The task calls for the lines below from the line with "Modern Luxury Crystal" to the line with "Medicine (KSCM), with", both ends included, copied exactly, without any pictures.

§ **WORKING DATA**
*** Begin section ***

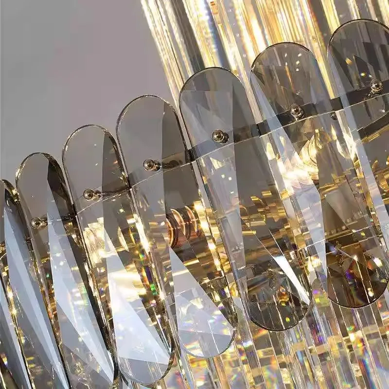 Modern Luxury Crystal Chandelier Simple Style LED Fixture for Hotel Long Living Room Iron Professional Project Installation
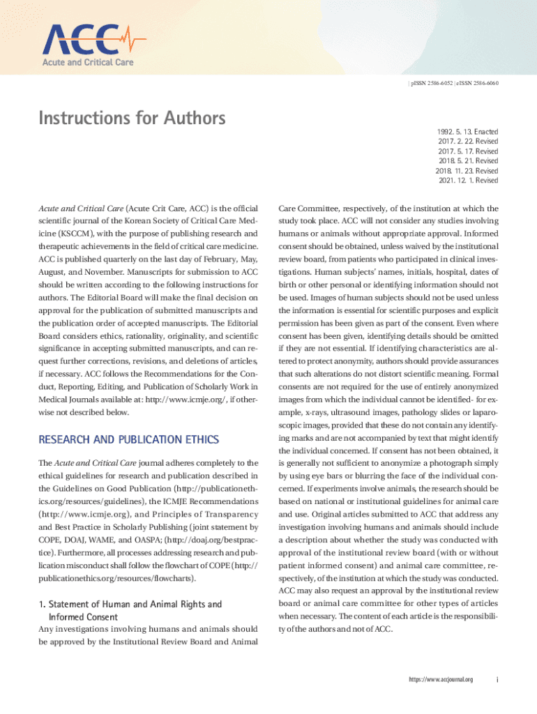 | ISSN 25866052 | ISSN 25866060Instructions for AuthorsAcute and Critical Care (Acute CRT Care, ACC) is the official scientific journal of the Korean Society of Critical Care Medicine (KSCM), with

*** End section ***
*** Begin section ***

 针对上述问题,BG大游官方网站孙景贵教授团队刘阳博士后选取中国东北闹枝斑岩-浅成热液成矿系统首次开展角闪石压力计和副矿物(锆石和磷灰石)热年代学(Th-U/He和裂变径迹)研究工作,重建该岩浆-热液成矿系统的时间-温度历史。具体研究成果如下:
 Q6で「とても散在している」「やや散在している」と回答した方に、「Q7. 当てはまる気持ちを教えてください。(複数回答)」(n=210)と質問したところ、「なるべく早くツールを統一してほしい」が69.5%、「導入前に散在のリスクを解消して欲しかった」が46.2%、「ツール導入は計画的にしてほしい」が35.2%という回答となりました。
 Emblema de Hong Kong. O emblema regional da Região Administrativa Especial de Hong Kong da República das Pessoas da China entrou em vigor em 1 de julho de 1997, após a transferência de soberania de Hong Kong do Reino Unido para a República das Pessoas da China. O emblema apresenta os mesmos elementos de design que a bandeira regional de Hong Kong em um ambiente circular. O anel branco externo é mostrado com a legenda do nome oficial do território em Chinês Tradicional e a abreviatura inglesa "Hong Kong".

*** End section ***

§ **SOLUTION TO THIS TASK**
 Modern Luxury Crystal Chandelier Simple Style LED Fixture for Hotel Long Living Room Iron Professional Project Installation
 | ISSN 25866052 | ISSN 25866060Instructions for AuthorsAcute and Critical Care (Acute CRT Care, ACC) is the official scientific journal of the Korean Society of Critical Care Medicine (KSCM), with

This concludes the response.